_THE TASK_:
When you write out the listing, keep each word exactly as it stands but include none of its images.

_DATA SHOWN_:
........

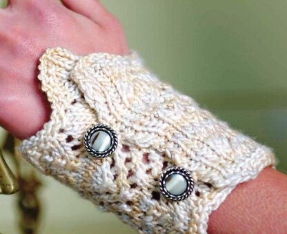 A great look this year is the casual fiber or fabric accessory like these knitted cuffs or wrist warmers (or bracelets). It is a great way to use up small amounts of a special yarn, even hand-spun. Cavendish is the lacy one. Put it on to accent a tanned wrist, or a pretty ankle.
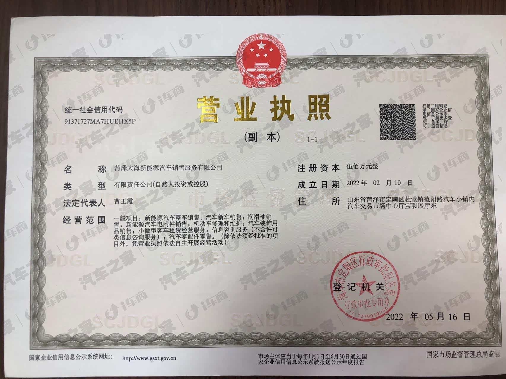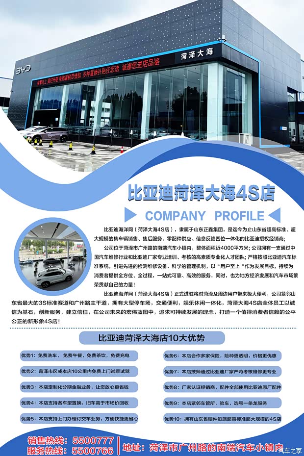 山东省菏泽市定陶区汽车小镇东门200米路南菏泽大海比亚迪4S店(海洋网)
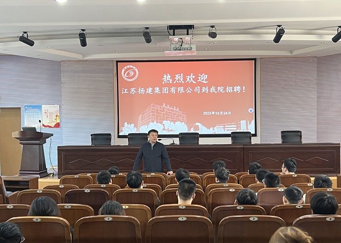 2023年10月25日上午,江苏扬建集团有限公司党委办公室主任、人力资源部部长卫喜亮应邀到公司开展2024届毕业生就业指导课,公司党委副书记陈广正、学工办负责人、毕业班辅导员、毕业生代表100余人参加。
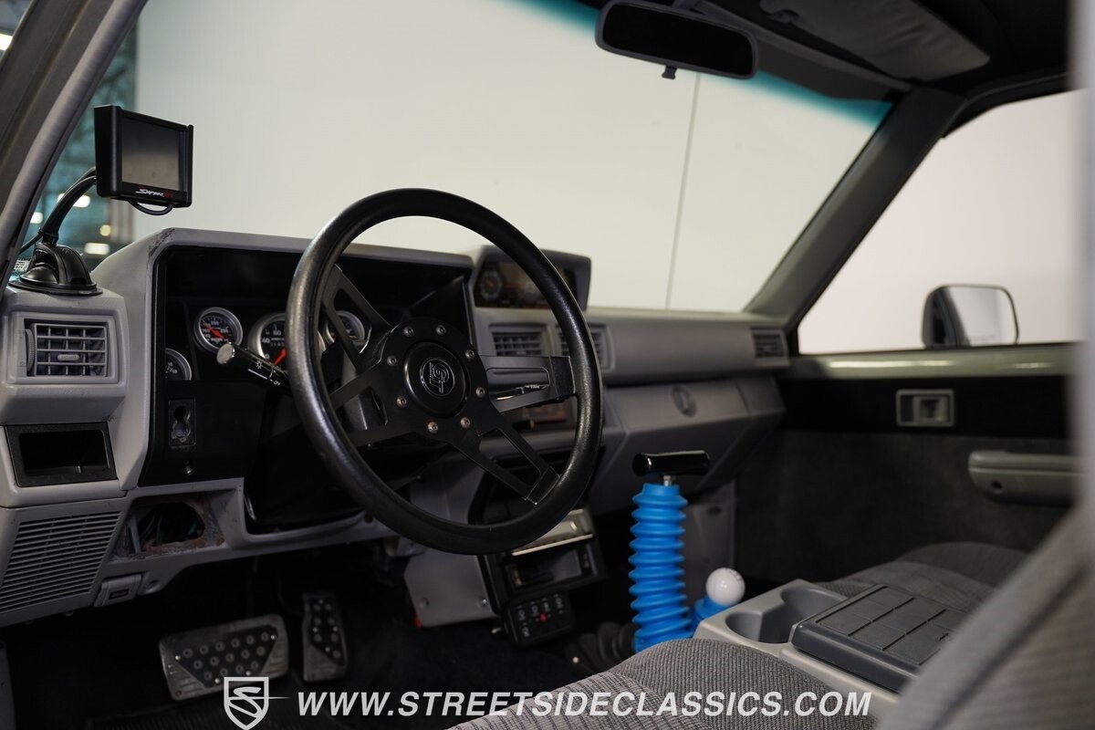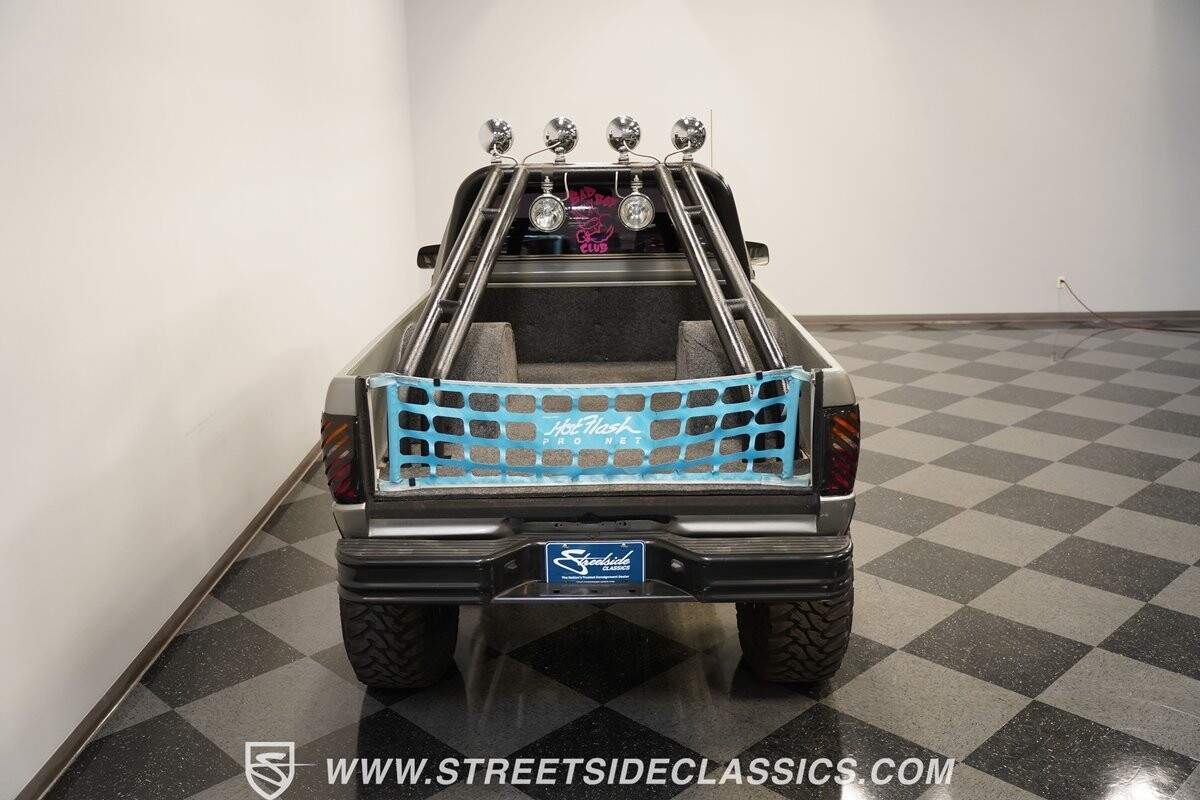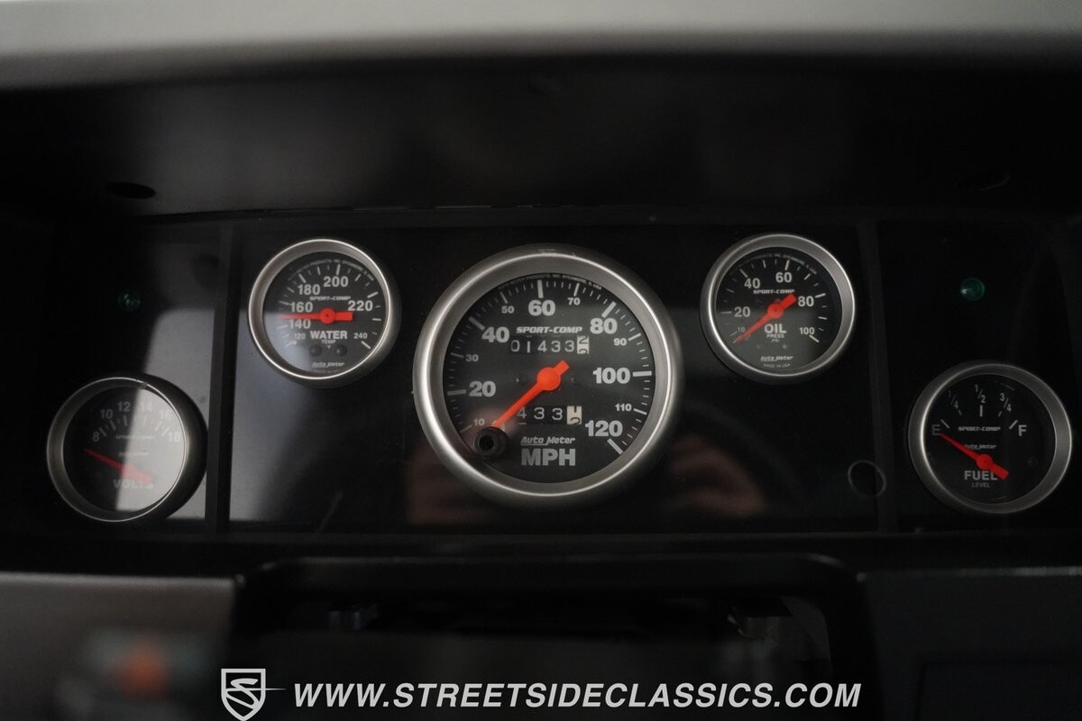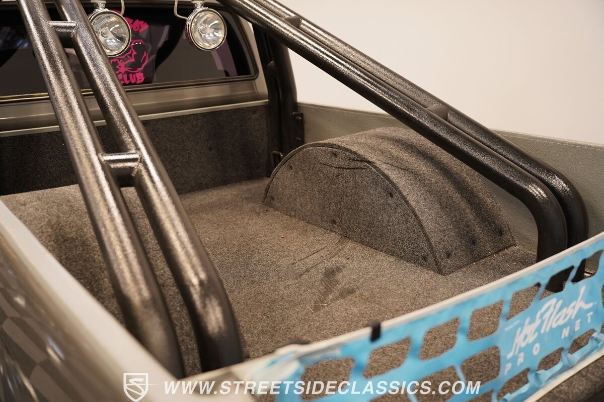 The interior is tricked-out with comfortable cloth bucket seats equipped with Takata harnesses, custom door panels, a very rare igloo cooler center console, custom gauge cluster with Autometer instruments, dash mounted screen for the sniper fuel injection, Grant GT steering wheel, B&M shifter, Kenwood stereo and solid-state push button set up for all of the lights on the truck.

........

_WRITTEN RESPONSE_:
 A great look this year is the casual fiber or fabric accessory like these knitted cuffs or wrist warmers (or bracelets). It is a great way to use up small amounts of a special yarn, even hand-spun. Cavendish is the lacy one. Put it on to accent a tanned wrist, or a pretty ankle.
 山东省菏泽市定陶区汽车小镇东门200米路南菏泽大海比亚迪4S店(海洋网)
 2023年10月25日上午,江苏扬建集团有限公司党委办公室主任、人力资源部部长卫喜亮应邀到公司开展2024届毕业生就业指导课,公司党委副书记陈广正、学工办负责人、毕业班辅导员、毕业生代表100余人参加。
 The interior is tricked-out with comfortable cloth bucket seats equipped with Takata harnesses, custom door panels, a very rare igloo cooler center console, custom gauge cluster with Autometer instruments, dash mounted screen for the sniper fuel injection, Grant GT steering wheel, B&M shifter, Kenwood stereo and solid-state push button set up for all of the lights on the truck.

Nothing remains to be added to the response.